▸ Given data:

↓↓↓

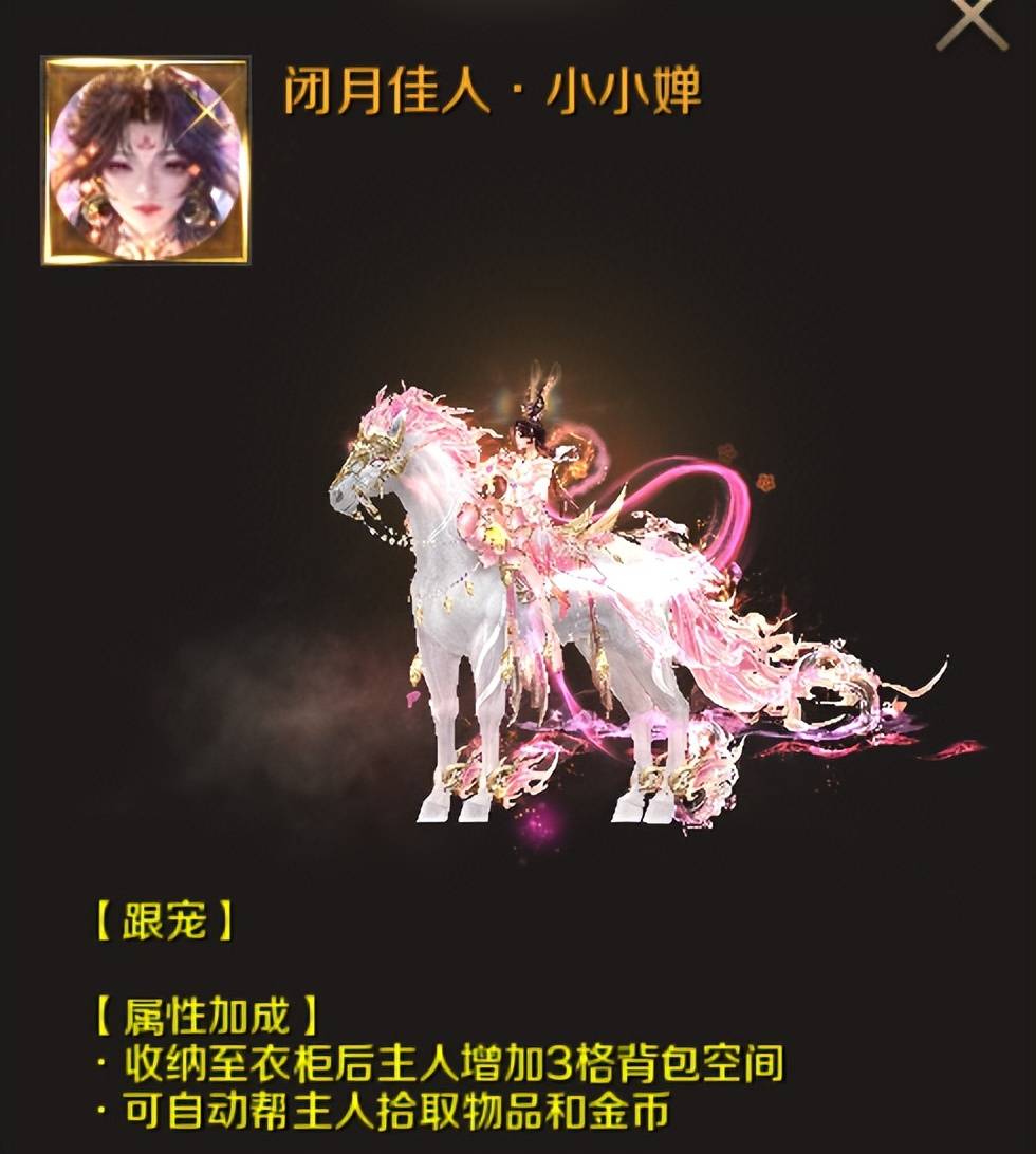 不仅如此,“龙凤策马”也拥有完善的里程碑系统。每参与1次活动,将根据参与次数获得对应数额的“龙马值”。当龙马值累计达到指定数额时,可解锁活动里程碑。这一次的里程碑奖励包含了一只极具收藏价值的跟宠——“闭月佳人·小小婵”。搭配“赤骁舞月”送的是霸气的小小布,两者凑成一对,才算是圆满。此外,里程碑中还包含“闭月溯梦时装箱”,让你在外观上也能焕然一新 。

↑↑↑
↓↓↓

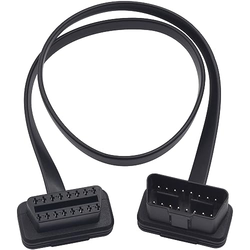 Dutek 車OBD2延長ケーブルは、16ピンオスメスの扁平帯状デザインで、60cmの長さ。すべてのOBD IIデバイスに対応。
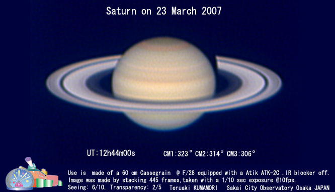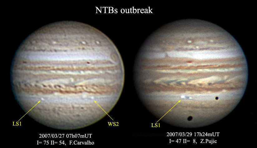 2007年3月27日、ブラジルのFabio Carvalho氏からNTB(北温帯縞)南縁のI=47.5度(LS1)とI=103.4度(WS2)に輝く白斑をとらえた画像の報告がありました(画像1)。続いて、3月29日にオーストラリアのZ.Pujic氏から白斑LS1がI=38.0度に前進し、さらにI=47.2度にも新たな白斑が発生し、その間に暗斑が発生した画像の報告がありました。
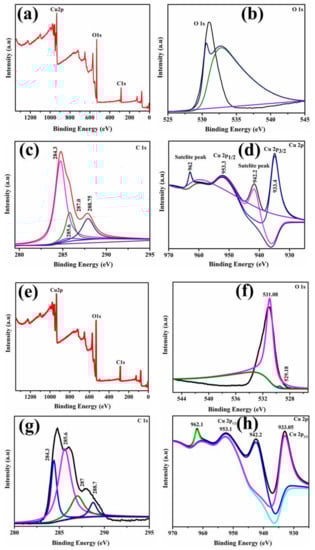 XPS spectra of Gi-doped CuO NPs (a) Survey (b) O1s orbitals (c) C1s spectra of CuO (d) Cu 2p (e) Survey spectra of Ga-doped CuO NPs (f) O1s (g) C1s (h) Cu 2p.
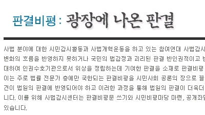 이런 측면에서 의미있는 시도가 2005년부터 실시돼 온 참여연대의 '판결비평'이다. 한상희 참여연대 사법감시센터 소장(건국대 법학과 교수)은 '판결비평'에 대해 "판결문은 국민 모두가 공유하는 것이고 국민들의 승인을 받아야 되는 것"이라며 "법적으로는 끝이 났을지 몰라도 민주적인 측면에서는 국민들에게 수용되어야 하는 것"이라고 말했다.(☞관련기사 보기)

↑↑↑

▸ Problem: Word for word, retype the lines in the entries above that run from the one with "2007年3月27日、ブラジ" through the one with "XPS spectra of". Both ends count; pictures do not.

▸ Answer space:
 2007年3月27日、ブラジルのFabio Carvalho氏からNTB(北温帯縞)南縁のI=47.5度(LS1)とI=103.4度(WS2)に輝く白斑をとらえた画像の報告がありました(画像1)。続いて、3月29日にオーストラリアのZ.Pujic氏から白斑LS1がI=38.0度に前進し、さらにI=47.2度にも新たな白斑が発生し、その間に暗斑が発生した画像の報告がありました。
 XPS spectra of Gi-doped CuO NPs (a) Survey (b) O1s orbitals (c) C1s spectra of CuO (d) Cu 2p (e) Survey spectra of Ga-doped CuO NPs (f) O1s (g) C1s (h) Cu 2p.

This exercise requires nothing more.